**Data extracts**
____
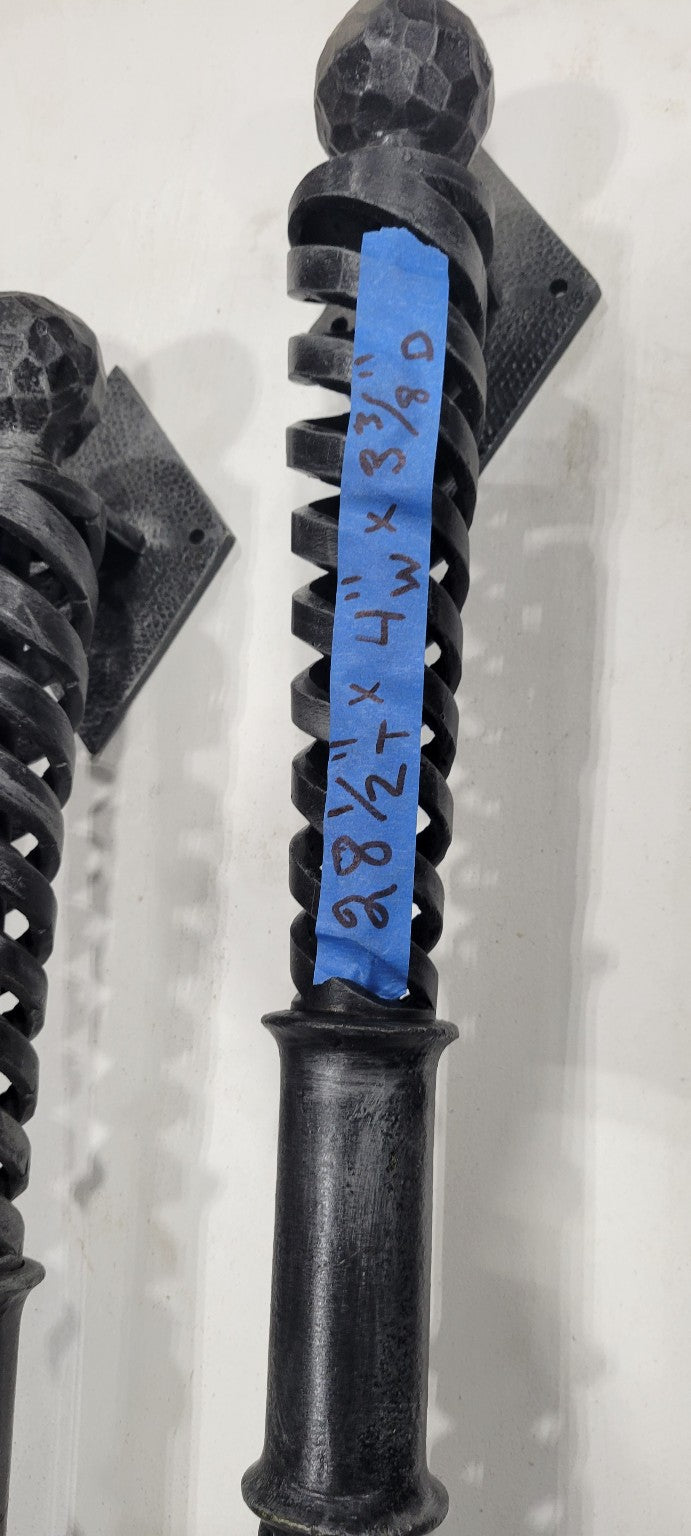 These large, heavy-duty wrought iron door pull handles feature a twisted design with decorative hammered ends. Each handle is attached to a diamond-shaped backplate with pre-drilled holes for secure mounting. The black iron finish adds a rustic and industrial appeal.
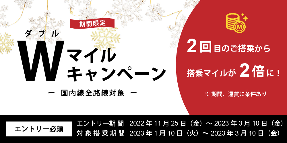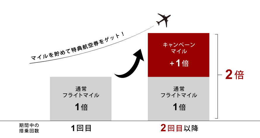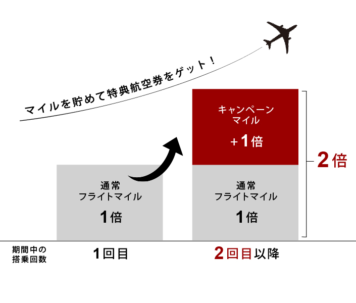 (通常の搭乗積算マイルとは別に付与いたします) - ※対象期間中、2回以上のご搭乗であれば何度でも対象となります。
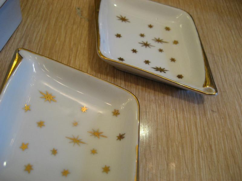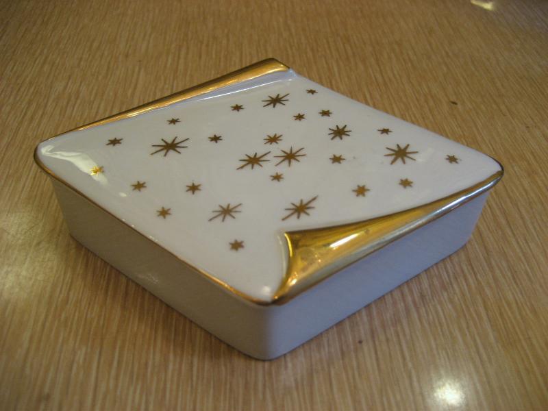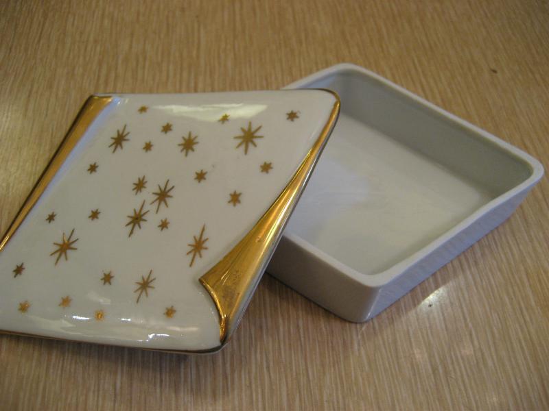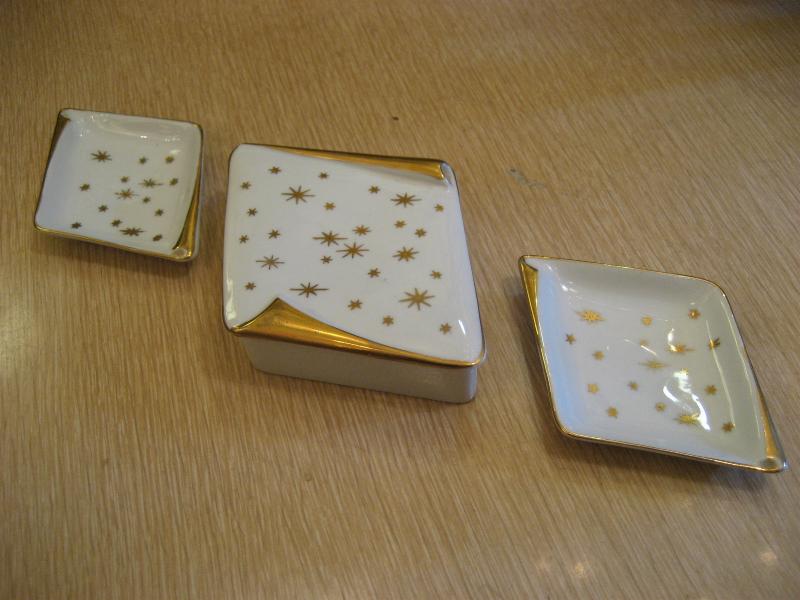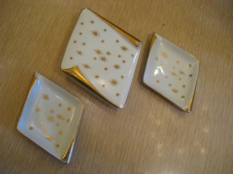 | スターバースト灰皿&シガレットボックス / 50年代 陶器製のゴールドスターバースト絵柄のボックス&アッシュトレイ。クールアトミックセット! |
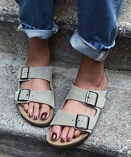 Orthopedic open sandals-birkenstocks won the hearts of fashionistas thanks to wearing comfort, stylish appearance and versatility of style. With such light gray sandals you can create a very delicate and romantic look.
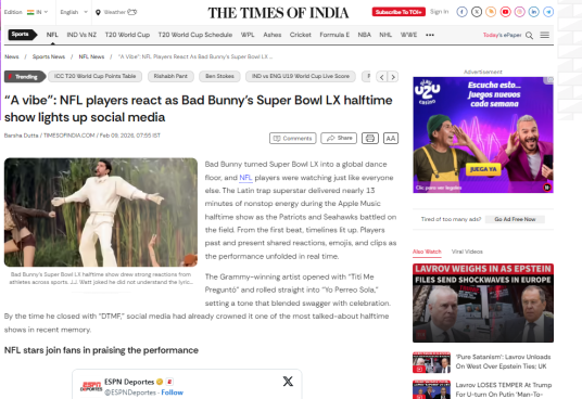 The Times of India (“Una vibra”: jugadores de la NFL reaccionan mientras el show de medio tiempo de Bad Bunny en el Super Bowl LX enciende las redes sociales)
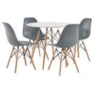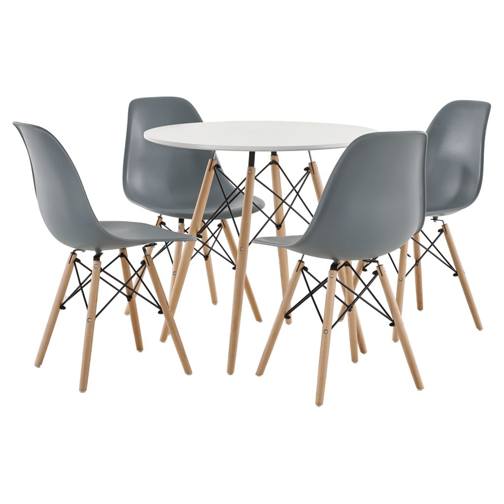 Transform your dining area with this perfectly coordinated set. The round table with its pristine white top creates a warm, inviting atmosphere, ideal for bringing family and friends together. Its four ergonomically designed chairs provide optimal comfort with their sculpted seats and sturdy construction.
____
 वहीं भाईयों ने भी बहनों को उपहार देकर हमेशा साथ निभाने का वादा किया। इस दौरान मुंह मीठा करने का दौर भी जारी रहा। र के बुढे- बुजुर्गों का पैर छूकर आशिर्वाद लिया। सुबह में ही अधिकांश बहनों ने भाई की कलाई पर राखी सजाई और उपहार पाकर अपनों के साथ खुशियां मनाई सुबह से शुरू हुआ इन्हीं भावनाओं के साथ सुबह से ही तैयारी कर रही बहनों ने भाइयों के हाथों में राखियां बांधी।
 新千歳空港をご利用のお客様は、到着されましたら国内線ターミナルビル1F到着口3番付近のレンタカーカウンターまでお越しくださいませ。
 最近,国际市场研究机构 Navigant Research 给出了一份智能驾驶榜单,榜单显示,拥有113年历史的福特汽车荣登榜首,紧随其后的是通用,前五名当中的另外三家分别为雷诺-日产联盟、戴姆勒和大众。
____
**Your assignment**
Output exactly the lines above, beginning at the one with "These large, heavy-duty" and stopping after the one with "Transform your dining". Pictures are to be omitted.

**Solution to this task**
 These large, heavy-duty wrought iron door pull handles feature a twisted design with decorative hammered ends. Each handle is attached to a diamond-shaped backplate with pre-drilled holes for secure mounting. The black iron finish adds a rustic and industrial appeal.
 (通常の搭乗積算マイルとは別に付与いたします) - ※対象期間中、2回以上のご搭乗であれば何度でも対象となります。
 | スターバースト灰皿&シガレットボックス / 50年代 陶器製のゴールドスターバースト絵柄のボックス&アッシュトレイ。クールアトミックセット! |
 Orthopedic open sandals-birkenstocks won the hearts of fashionistas thanks to wearing comfort, stylish appearance and versatility of style. With such light gray sandals you can create a very delicate and romantic look.
 The Times of India (“Una vibra”: jugadores de la NFL reaccionan mientras el show de medio tiempo de Bad Bunny en el Super Bowl LX enciende las redes sociales)
 Transform your dining area with this perfectly coordinated set. The round table with its pristine white top creates a warm, inviting atmosphere, ideal for bringing family and friends together. Its four ergonomically designed chairs provide optimal comfort with their sculpted seats and sturdy construction.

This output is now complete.